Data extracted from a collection
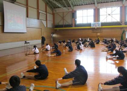 保護者懇談会の期間中は、運動部が体育館で、合同トレーニングを行っています。
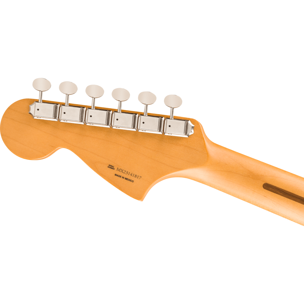 The Player II Jaguar radiates timeless Fender charm, but under the hood, it's primed for today's players. Everything about the neck is designed for fast and fluid playability, from the Modern “C”-profile with silky satin urethane finish on the back to the comfy 9.5”-radius slab rosewood with smooth rolled edges and 22 medium jumbo frets. A classic alder body is available in both timeless Fender finishes and never-before-seen colors unearthed from the archives. Player Series Alnico V (Bridge) and Alnico II (Neck) Single-Coil Jaguar pickups offer crystalline highs, musical mids and tight lows that elevate any genre. The 3-way blade switch lets you easily dial in everything from glassy neck pickup chime to cutting bridge pickup bite and all points in between, while a 6-saddle Jaguar bridge with Floating Tremolo, upgraded Mustang® saddles and ClassicGear™ tuners ensure precise tuning stability for the flexibility to explore endless sonic possibilities.
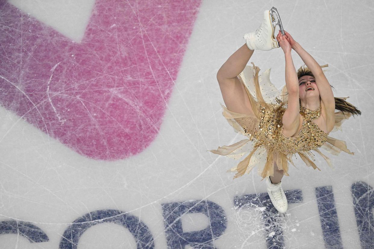 2月19日,美国选手刘美贤在花滑女子单人滑自由滑比赛中。(法新社)
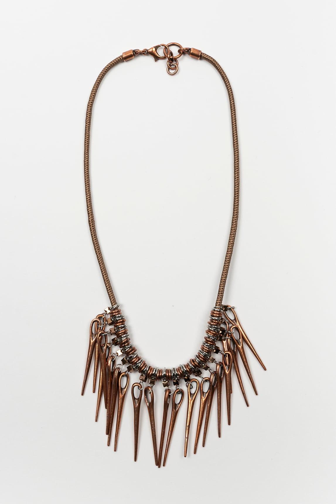 El collar Zerina en acabado cobre mantiene la misma silueta estructurada con base central texturizada y múltiples piezas alargadas en caída dinámica.
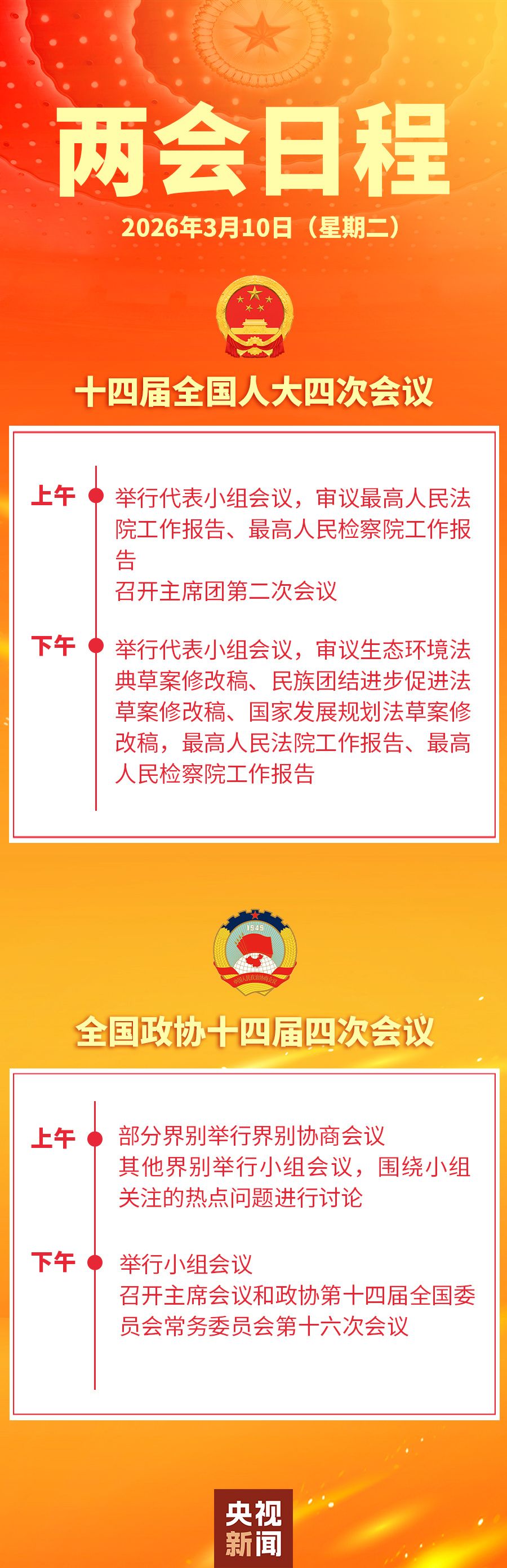 十四届全国人大四次会议10日上午举行代表小组会议,审议最高人民法院工作报告、最高人民检察院工作报告;召开主席团第二次会议。

:: YOUR TASK ::
If the records contain pictures, skip them, and transcribe exactly every line from the one with "El collar Zerina" through the last line.

:: FINISHED TASK ::
 El collar Zerina en acabado cobre mantiene la misma silueta estructurada con base central texturizada y múltiples piezas alargadas en caída dinámica.
 十四届全国人大四次会议10日上午举行代表小组会议,审议最高人民法院工作报告、最高人民检察院工作报告;召开主席团第二次会议。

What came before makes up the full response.